2- Il ricorso proposto da S.B. avverso la predetta sentenza ne domanda la cassazione per quattro motivi; resiste, con controricorso, la CAMERA DI COMMERCIO, INDUSTRIA, ARTIGIANATO E AGRICOLTURA di Reggio Emilia, che deposita anche memoria ex art. 378 c.p.c.. Diritto MOTIVI DELLA DECISIONE

1 - Sintesi dei motivi di ricorso.

1.- Il ricorso è articolato in quattro motivi.

1.1- Con il primo motivo si denunciano: a) violazione e/o falsa applicazione del D.Lgs. n. 165 del 2001, art. 21, e della L. n. 580 del 1993, art. 14, comma 5; b) omessa, insufficiente o incongrua motivazione sul punto decisivo della controversia in relazione all'incompetenza per materia dell'organo che ha pronunciato il licenziamento, in violazione del principio generale di cui al D.Lgs. n. 165 del 2001, di separazione tra attività di indirizzo e di gestione, siccome recepito anche dallo Statuto camerale (art. 26, che rimette al Segretario i compiti di gestione del personale).

1.2.- Con il secondo motivo si denunciano: a) violazione e/o falsa applicazione del D.Lgs. n. 165 del 2001, art. 22; b) omessa, insufficiente o incongrua motivazione sul punto decisivo della controversia in relazione alla mancata previa acquisizione del parere del Comitato dei garanti, richiesto dalla natura della contestazione, che, anche a voler nettamente distinguere fra responsabilità dirigenziale e responsabilità disciplinare, involge senz'altro profili di contrasto con il superiore, rientranti nell'ambito di competenza del predetto Comitato.

1.3.- Con il terzo motivo si denunciano: a) violazione e/o falsa applicazione di norma di diritto (art. 360 c.p.c., comma 1, n. 3) in relazione alla necessaria proporzionalità della sanzione disciplinare rispetto ai fatti contestati; b) motivazione insufficiente, illogica e contraddittoria sul punto (art. 360 c.p.c., comma 1, n. 5), avendo la Corte di appello ritenuto la condotta addebitata talmente grave da meritare la massima sanzione, senza considerare che l'episodio si inseriva in uno scambio dialettico - con toni adeguati al caso - con il proprio superiore, rispetto ad una richiesta certamente valutabile come illegittima e che, come tale, giustificava non solo la presa di posizione per iscritto, ma anche il coinvolgimento delle due funzionarie che avevano partecipato alla formulazione del punteggio in contestazione.
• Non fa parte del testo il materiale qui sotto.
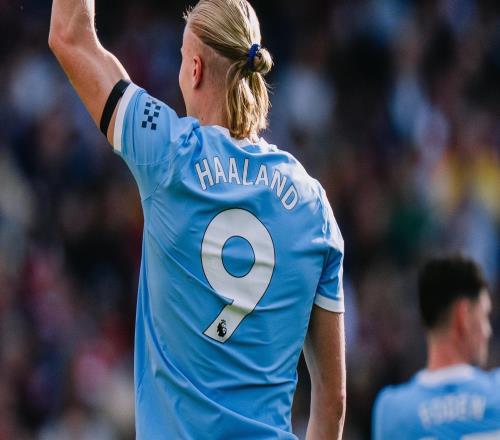 哈兰德晒出英超100球纪念球衣,这画质都快看不清哈兰德的脸了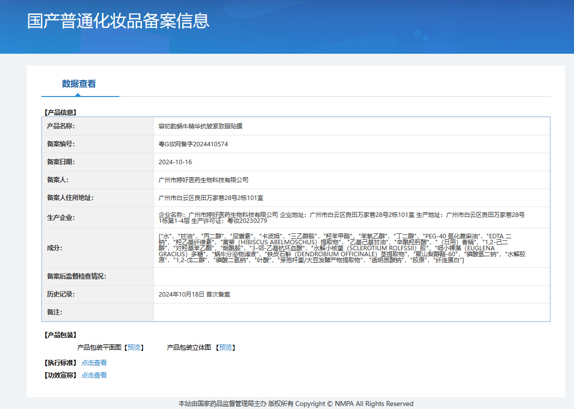正品容初韻カタツムリ精華抗シワ引き締めアイマスク目元保湿スキンケア品卸売り女性男性看護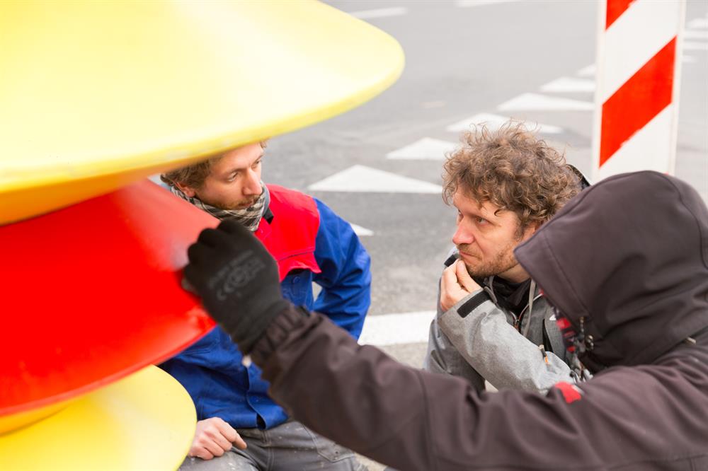 Jak informowano wcześniej, rysy i pęknięcia powstały przy montażu. Wykonawca, który każdy wrzecionowaty element, składał z dwóch części i sklejał na całej wewnętrznej powierzchni, tłumaczył, że w krawędzie kolorowych dysków, wbiły się pasy montażowe. Wyjaśniał też, że „Fryga" to konstrukcja prototypowa, więc nie wszystko dało się przewidzieć.

Infine, si sottolinea che la Corte di appello non ha adeguatamente valutato il vissuto soggettivo della S., che aveva sofferto una progressiva emarginazione e ridimensionamento delle funzioni assegnate alla propria area dirigenziale anche a causa e per effetto di pregresse valutazioni compiute nei confronti di altri dipendenti, onde è pienamente giustificato il riferimento al "clima ostile", su cui si è incentrato il giudizio di gravità espresso nella sentenza impugnata.
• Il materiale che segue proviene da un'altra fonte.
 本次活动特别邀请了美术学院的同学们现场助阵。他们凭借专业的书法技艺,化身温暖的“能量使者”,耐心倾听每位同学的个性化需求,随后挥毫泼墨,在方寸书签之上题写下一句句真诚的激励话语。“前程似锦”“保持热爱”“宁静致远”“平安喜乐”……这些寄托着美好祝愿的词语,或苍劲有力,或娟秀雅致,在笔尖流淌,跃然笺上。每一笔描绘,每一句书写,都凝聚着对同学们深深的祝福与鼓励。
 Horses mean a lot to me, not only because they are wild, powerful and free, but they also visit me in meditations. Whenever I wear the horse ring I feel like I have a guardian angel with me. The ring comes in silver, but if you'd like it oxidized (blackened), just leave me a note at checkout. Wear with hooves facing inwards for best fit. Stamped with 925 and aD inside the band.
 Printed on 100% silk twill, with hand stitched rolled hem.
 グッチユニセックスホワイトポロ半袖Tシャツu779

1.4.- Con il quarto motivo si denunciano: a) violazione e/o falsa applicazione dell'art. 437 c.p.c., comma 2; b) genericità, illogicità e contraddittorietà della motivazione sulla indispensabilità della produzione documentale operata in sede di appello e non ammessa, avuto riguardo sia all'esclusione della documentazione già autorizzata dal giudice di primo grado, in replica alla riconvenzionale proposta dalla Camera di commercio, sia in relazione alla documentazione prodotta in grado di appello (essenzialmente il doc. n. A9, relazione ispettiva), da cui emerge chiaramente che, a seguito della riorganizzazione dell'ente, la S. aveva subito una progressiva marginalizzazione, in modo da dare conto di quel riferimento al "clima ostile" particolarmente evidenziato nella sentenza impugnata come indice della gravità della condotta), la cui conoscenza e disponibilità è stata acquisita solo dopo la sentenza di primo grado.

2 - Esame delle censure.

2.- Il primo motivo è da accogliere, per le ragioni di seguito esposte.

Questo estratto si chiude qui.